During ventricular tachycardia, the configuration of the QRS complexes is usually uniform or monomorphic. Occasionally beat-to-beat variations in QRS contours are noted resulting in multiform ventricular tachycardia. Brief episodes of ventricular tachycardia lasting less than 30 seconds are arbitrarily referred to as non-sustained V-tachycardia, and longer runs are referred to as sustained V-tachycardia.
Multifocal Atrial Tachycardia
MAT in a patient with respiratory failure due to chronic obstructive pulmonary disease. Note the wide variation in P-wave morphology, P-R intervals, and P-P intervals.
The cardiovascular prognosis of ventricular tachycardia is directly related to the extent of underlying structural heart disease, particularly the severity of LV-dysfunction. Patients with recurrent brief runs of non-sustained ventricular tachycardia and structurally normal hearts have an excellent cardiovascular prognosis; whereas, patients with congestive left heart failure from any cause and recurrent sustained ventricular tachycardia have a much higher risk of sudden cardiac death.

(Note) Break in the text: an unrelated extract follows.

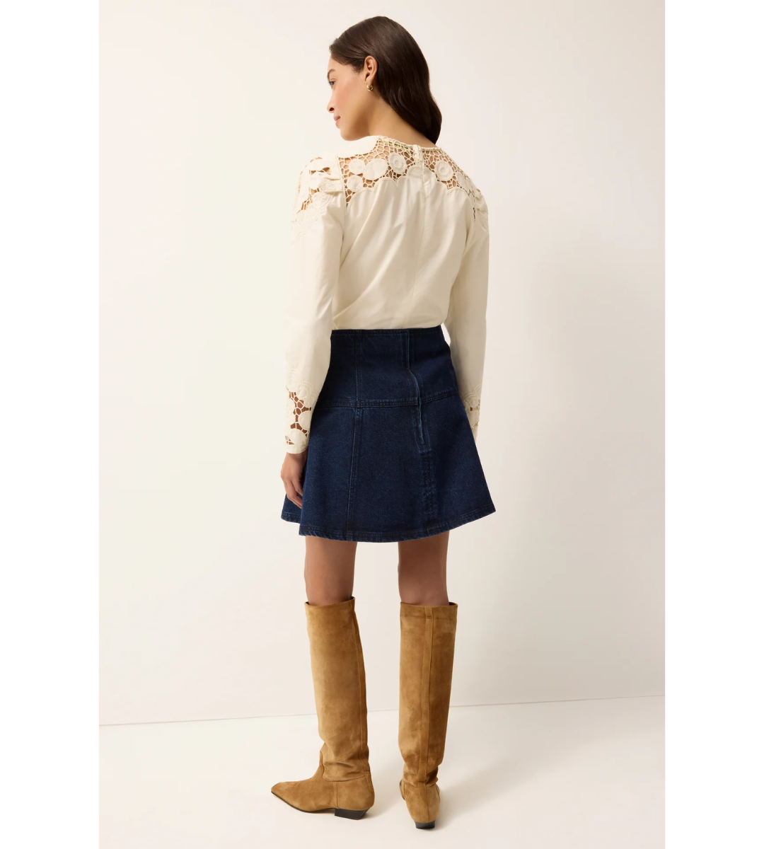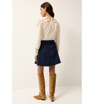 This versatile mini is fitted at the waist and hips with a gentle flare to create a flattering and playful silhouette. Cut from a soft dark wash denim, the Crawford skirt pairs beautifully with your favorite tops and knits.

Although ventricular tachycardia can be associated with any type of structural heart disease, symptomatic recurrent VT is most common in patients with coronary heart disease and in patients with heart failure due to congestive or hypertrophic cardiomyopathy. Patients with sustained ventricular tachycardia and advanced congestive heart failure often experience generalized weakness, increasing shortness of breath, and lightheadedness. Sustained ventricular tachycardia in these patients may also cause hypotension, shock, loss of consciousness, angina, or worsening heart failure. In patients with very advanced heart disease, ventricular tachycardia may provoke ventricular fibrillation, resulting in sudden death.